After changing the code, I fixed all the errors, but I'm not really sure about the results. This is a zoom in the prediction plot:
which shows that there is a "displacement" in the values predicted and in the real ones. When there is a max in the real time series, there is a min in the forecast for the same time, but it seems like it corresponds to the previous time step.
a = dataset[i:(i + look_back), 0]
a = dataset[i:(i + look_back), :]
If you want the 3 features in your training data.
Then use
model.add(LSTM(4, input_shape=(look_back,3)))
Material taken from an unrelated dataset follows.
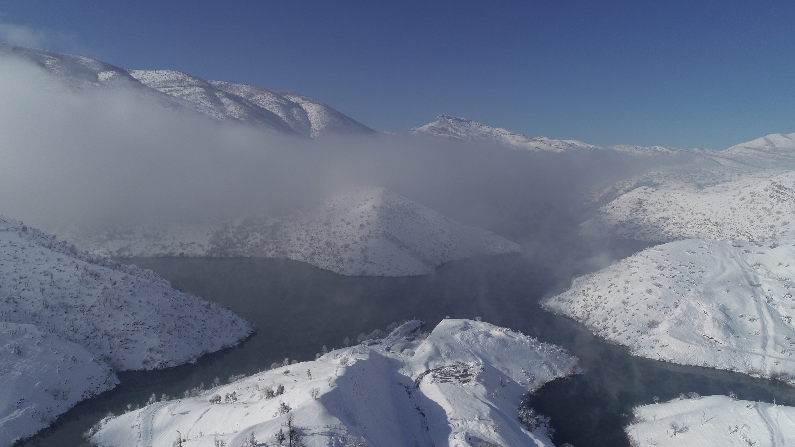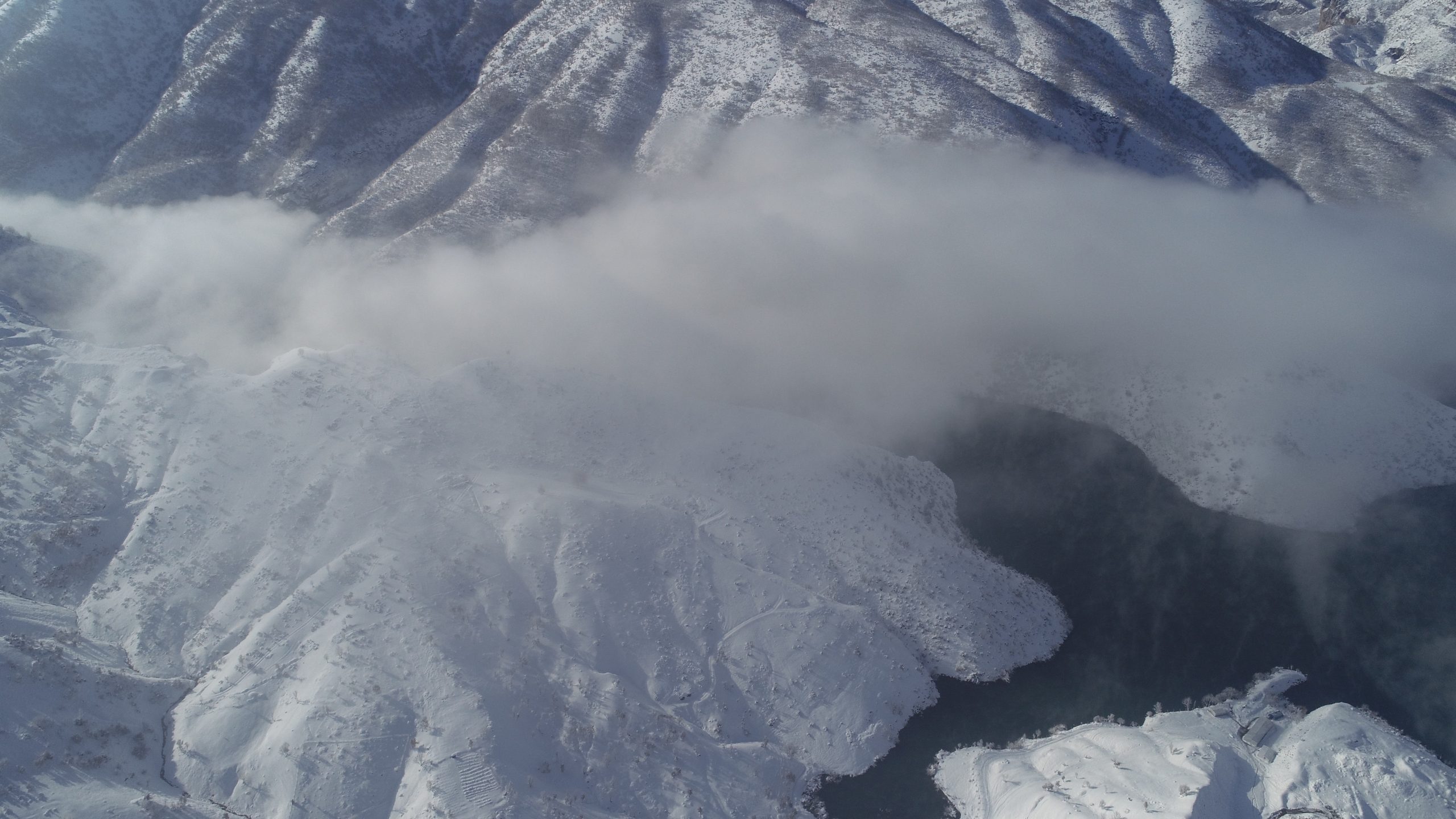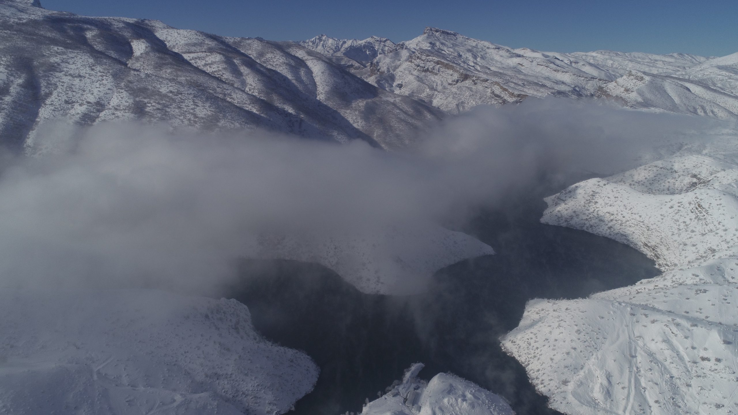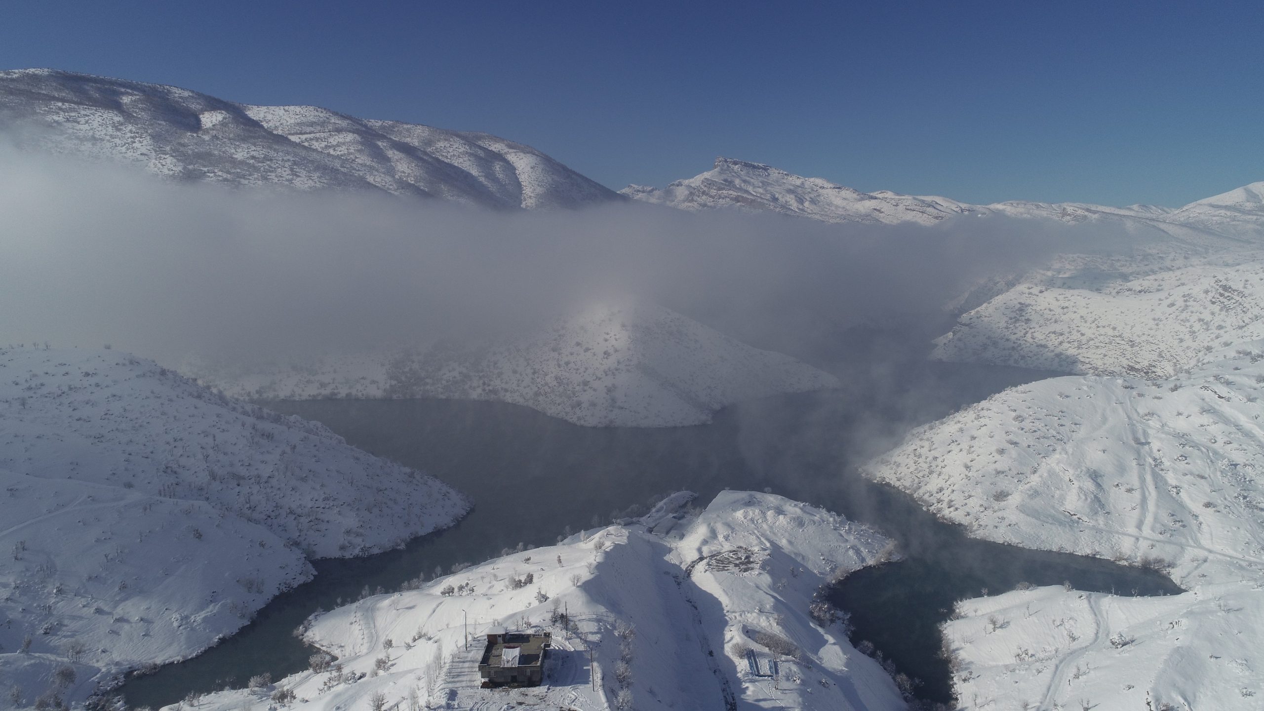 After the snowfall that has been effective for 2 days in Hilal town located at Uludere district in Turkey’s city of Şırnak, the rising sun and fog clouds created postcard images. The fog clouds formed by the effects of the dams built in Uludere district created unique landscapes in the region. Meanwhile, the residents recorded the fog clouds, which formed in the morning and lasted until noon, with their mobile phone cameras. Apart from the dams, skies of the Uludere, İnceler, Taşdelen, Kalemli and Ballı villages were also decorated with the fog clouds.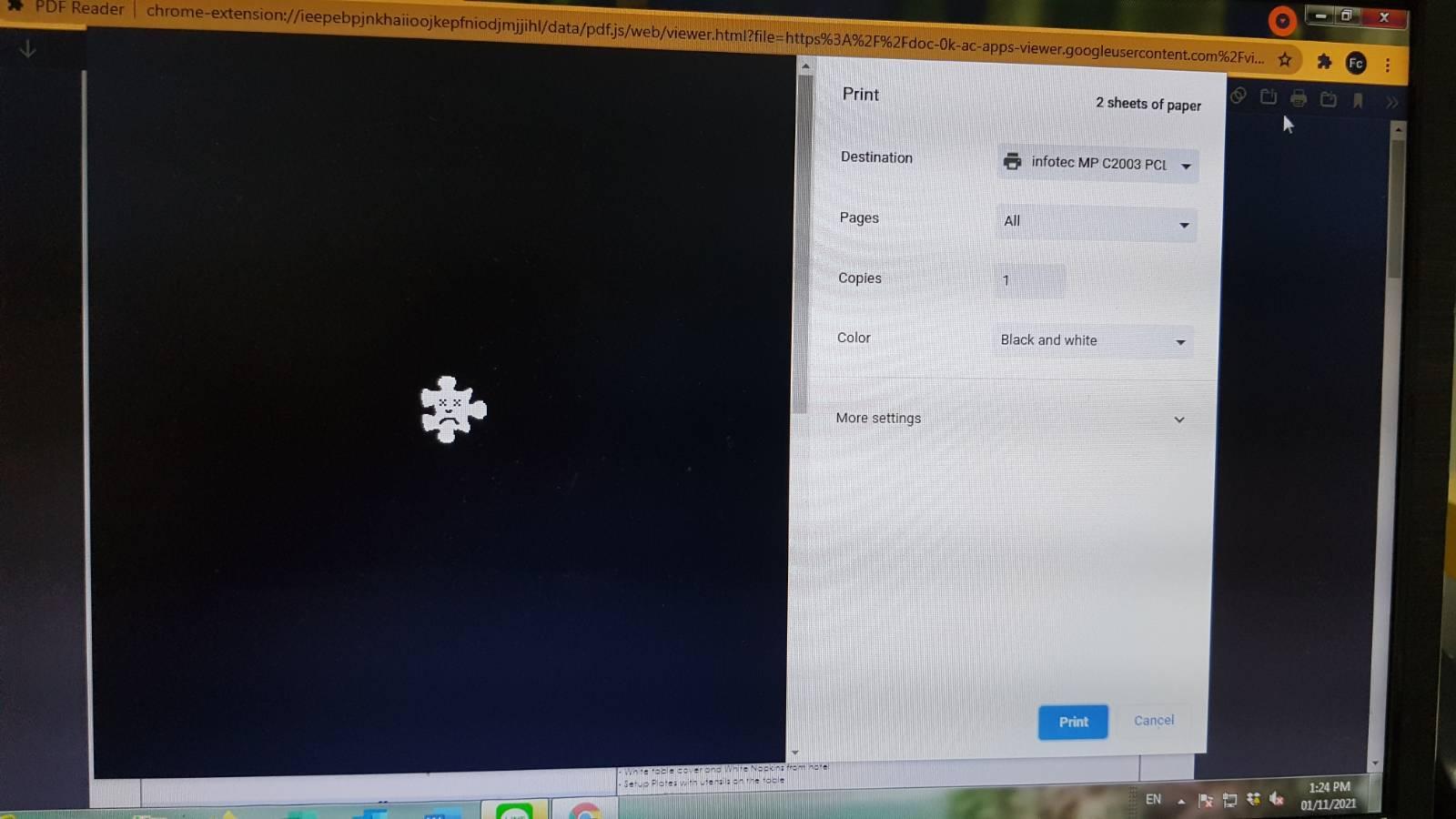 ผมไม่สามารถ print pdf จากหน้า ของ chome ได้ เมื่อ จะสั่งprint จะขึ้นแบบรูปที่แนบมาครับ มีวิธีแก้หรือปล่าวครับ

To specify that you have look_back time steps in your sequence, each with 3 features.
It should run
Indeed, sklearn.preprocessing.MinMaxScaler()'s function : inverse_transform() takes an input which has the same shape as the object you fitted. So you need to do something like this :
# Get something which has as many features as dataset
trainPredict_extended = np.zeros((len(trainPredict),3))
# Put the predictions there
trainPredict_extended[:,2] = trainPredict
# Inverse transform it and select the 3rd column.
trainPredict = scaler.inverse_transform(trainPredict_extended)[:,2]
I guess you will have other issues like this below in your code but nothing that you can't fix :) the ML part is fixed and you know where the error comes from. Just check the shapes of your objects and try to make them match.
You can change what you are optimizing, for maybe better results. For example, try predicting binary 0,1 if there will be a 'spike up' for the next day. Then feed the probability of a 'spike up' as a feature to predict the usage itself.